ASSIGNMENT
Whatever pictures the entries hold, omit them, and output exactly the lines from the one containing "Denke Dein Vorhaben" through the final line.

DATA FOR THIS EXERCISE

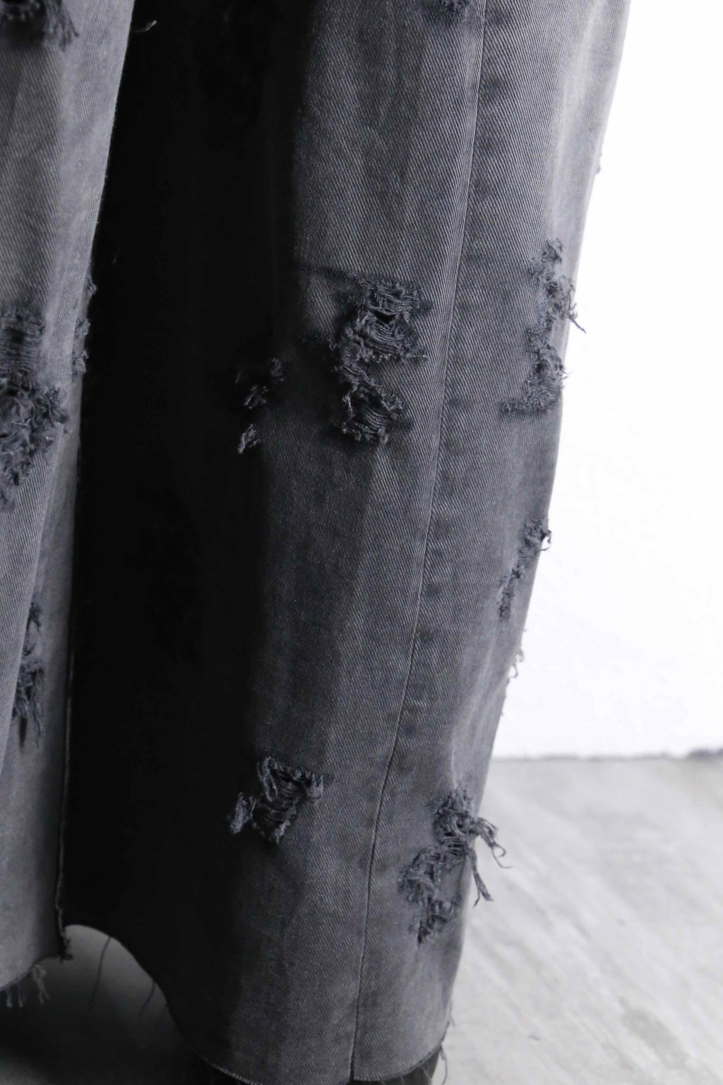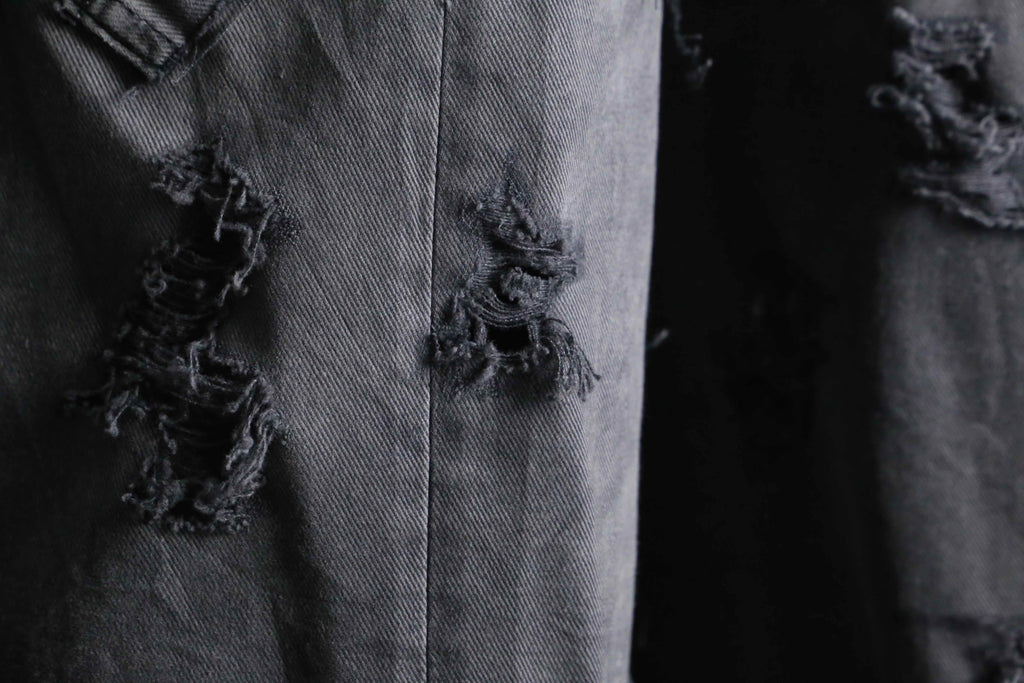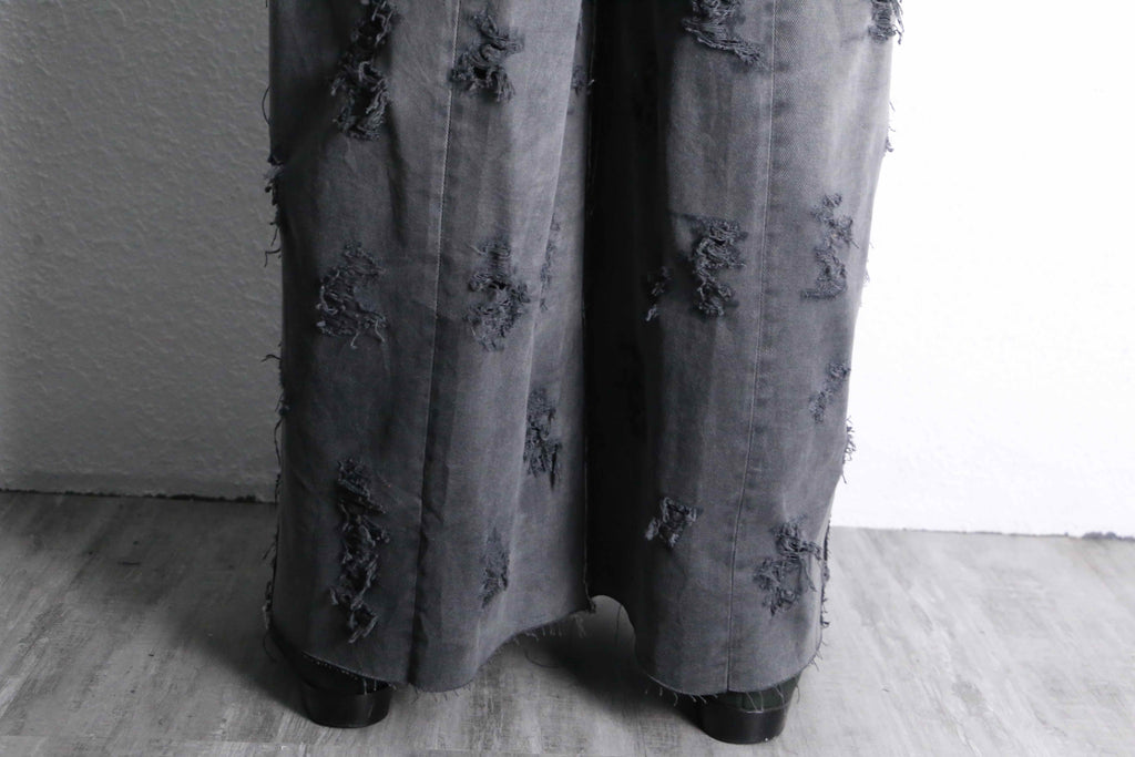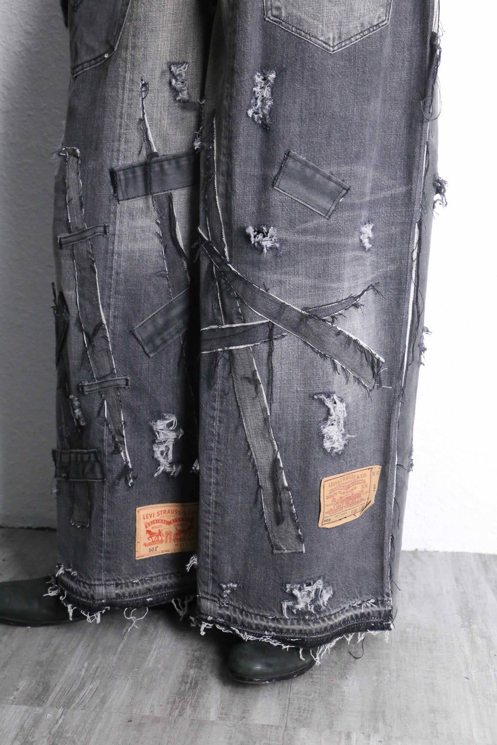 色味の異なるデニムを組み合わせることで、一本の中に自然な濃淡が生まれ、パッチワークやダメージ加工も含めて全体に表情のある仕上がりです。リメイク特有のラフさを残しつつ、過度に作り込みすぎないバランスにまとめられています。
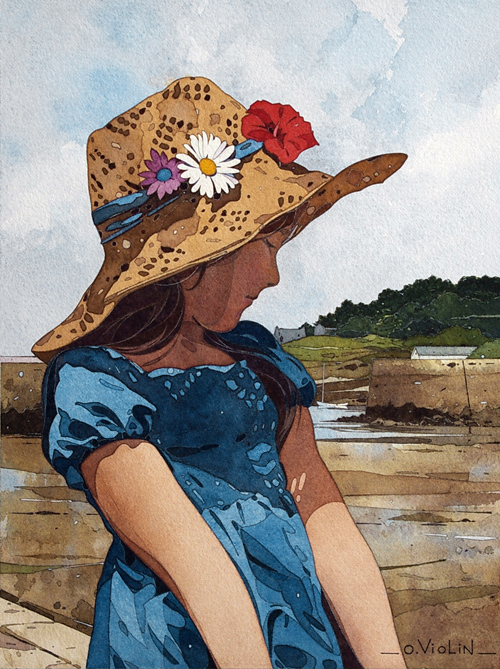 Bonjour Olivier, Je suis confuse... Il y a quelques jours je suis venue admirer cette jolie belliloise et je ne vous avais pas laisser de commentaire, interrompue par les aléas de la vie ! Aujourd'hui c'est avec bonheur que je reviens et j'aime l'émotion qu'elle libère avec son adorable petite robe bleue. Le soleil de la région est assez particulier. Je ne sais pas s'il n'est pas encore plus lumineux que dans le sud ?!... Toujours est-il que peut-être devrais-je à mon tour porter un chapeau de paille pour continuer à la regarder ?! Une aquarelle pleine de fraîcheur et de poésie. Vous dessinez et peignez merveilleusement les enfants. Vous leur restituez leur candeur. Superbe travail. Gros bisous
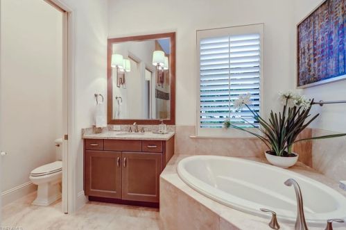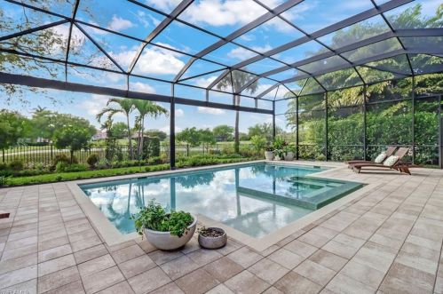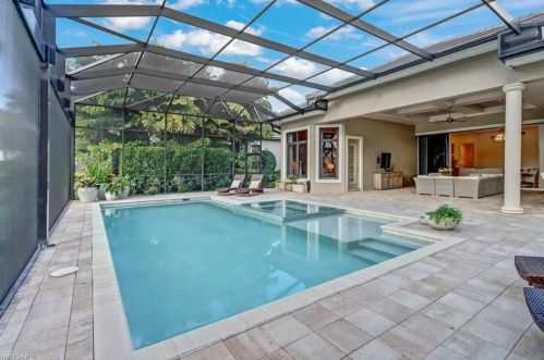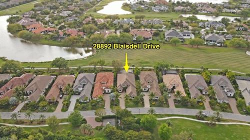 The single-family residence stands at the end of the street at 28892 Blaisdell Drive, Naples, FL.
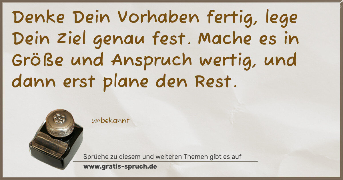 Denke Dein Vorhaben fertig, lege Dein Ziel genau fest. Mache es in Größe und Anspruch wertig, und dann erst plane den Rest.
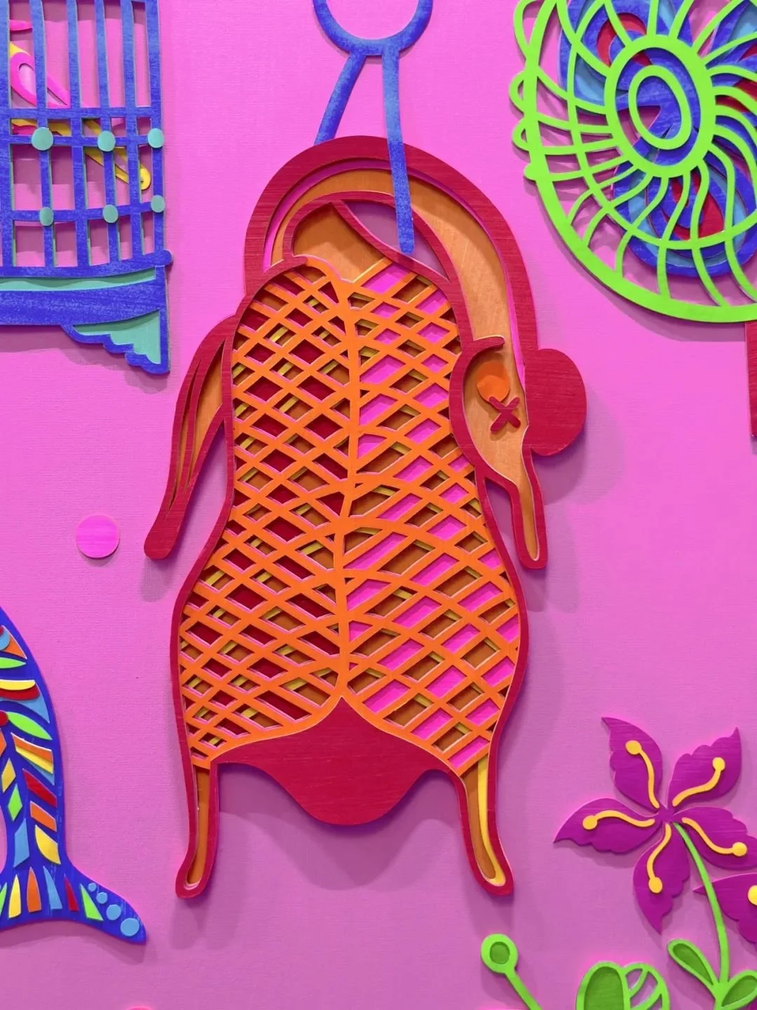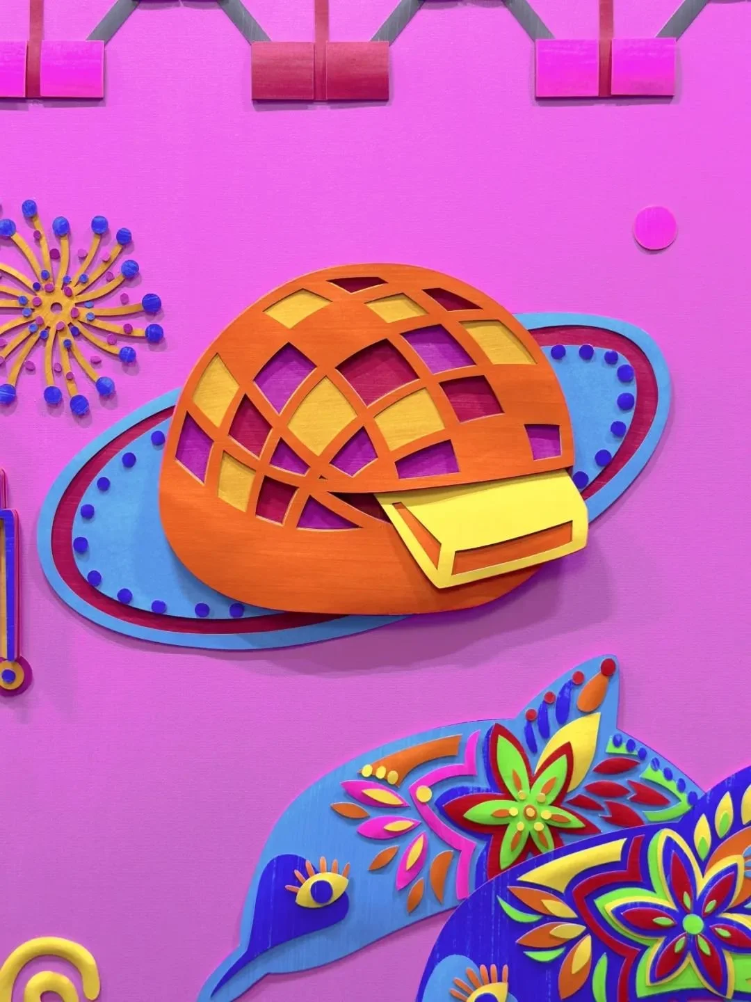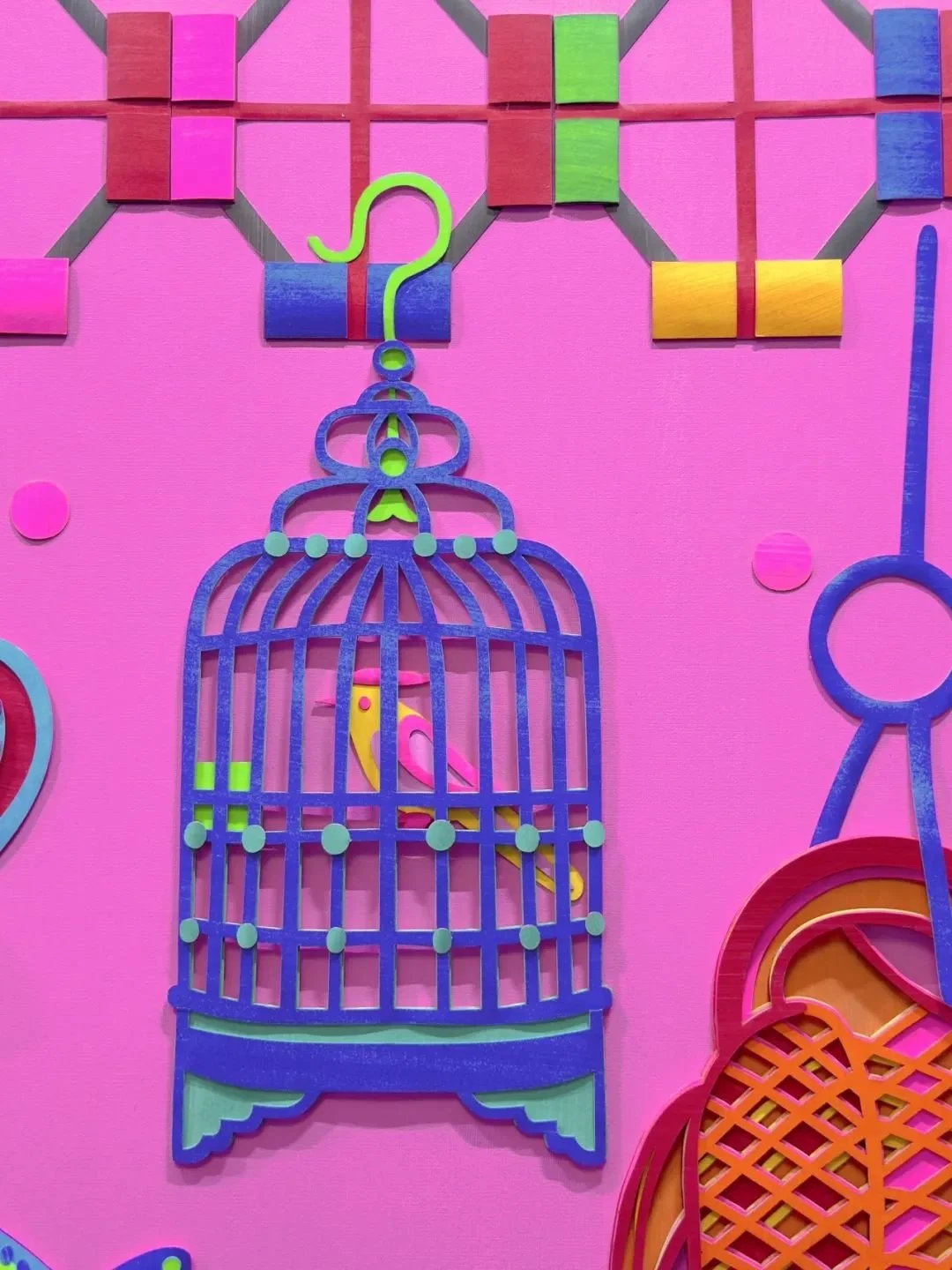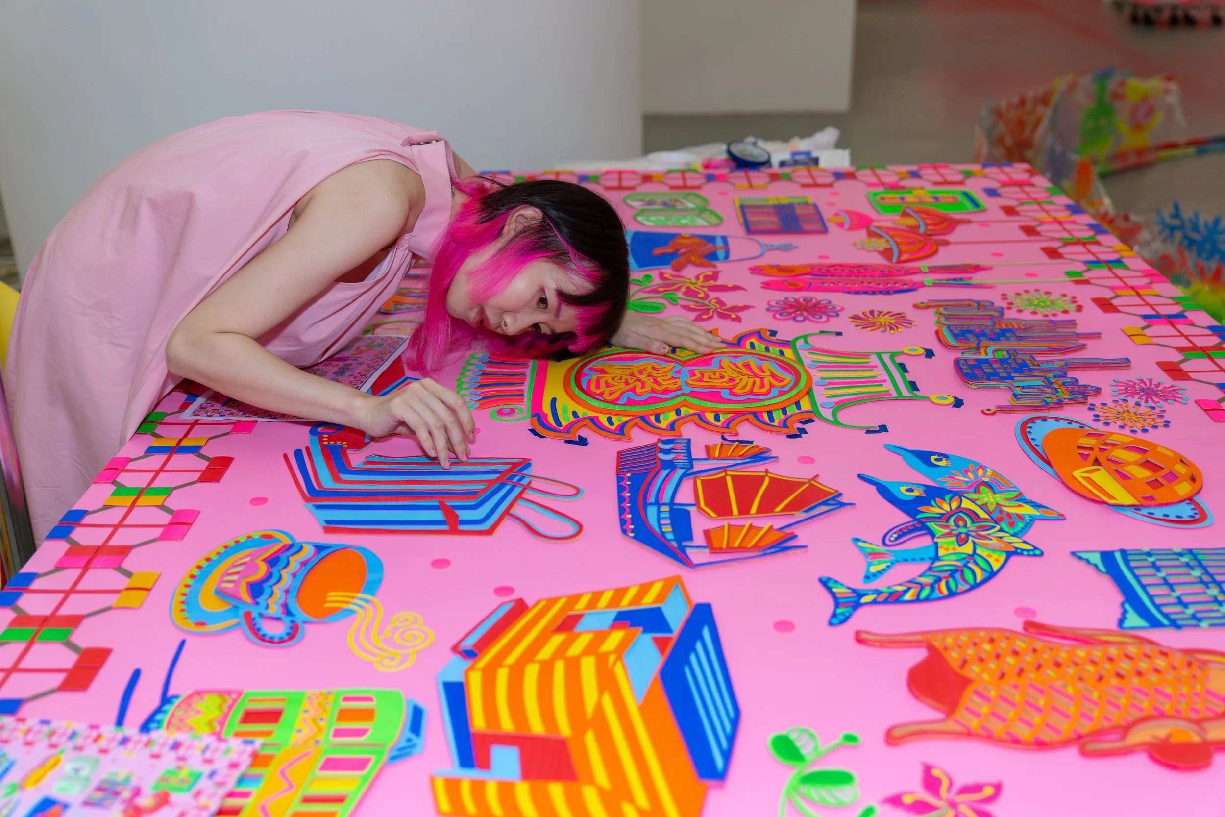 In March, on the shores of Victoria Harbour, Chen presented her maximalist papercutting art, infused with iconic Hong Kong imagery. Drawing from the city's neon signs, tea restaurants' egg tarts and pineapple buns, Star Ferry rides, cross-border trains, and public architecture, she layered signature colors, curves, and intricate compositions to craft a papercut signboard rich with everyday urban elements.

EXERCISE ANSWER
 Denke Dein Vorhaben fertig, lege Dein Ziel genau fest. Mache es in Größe und Anspruch wertig, und dann erst plane den Rest.
 In March, on the shores of Victoria Harbour, Chen presented her maximalist papercutting art, infused with iconic Hong Kong imagery. Drawing from the city's neon signs, tea restaurants' egg tarts and pineapple buns, Star Ferry rides, cross-border trains, and public architecture, she layered signature colors, curves, and intricate compositions to craft a papercut signboard rich with everyday urban elements.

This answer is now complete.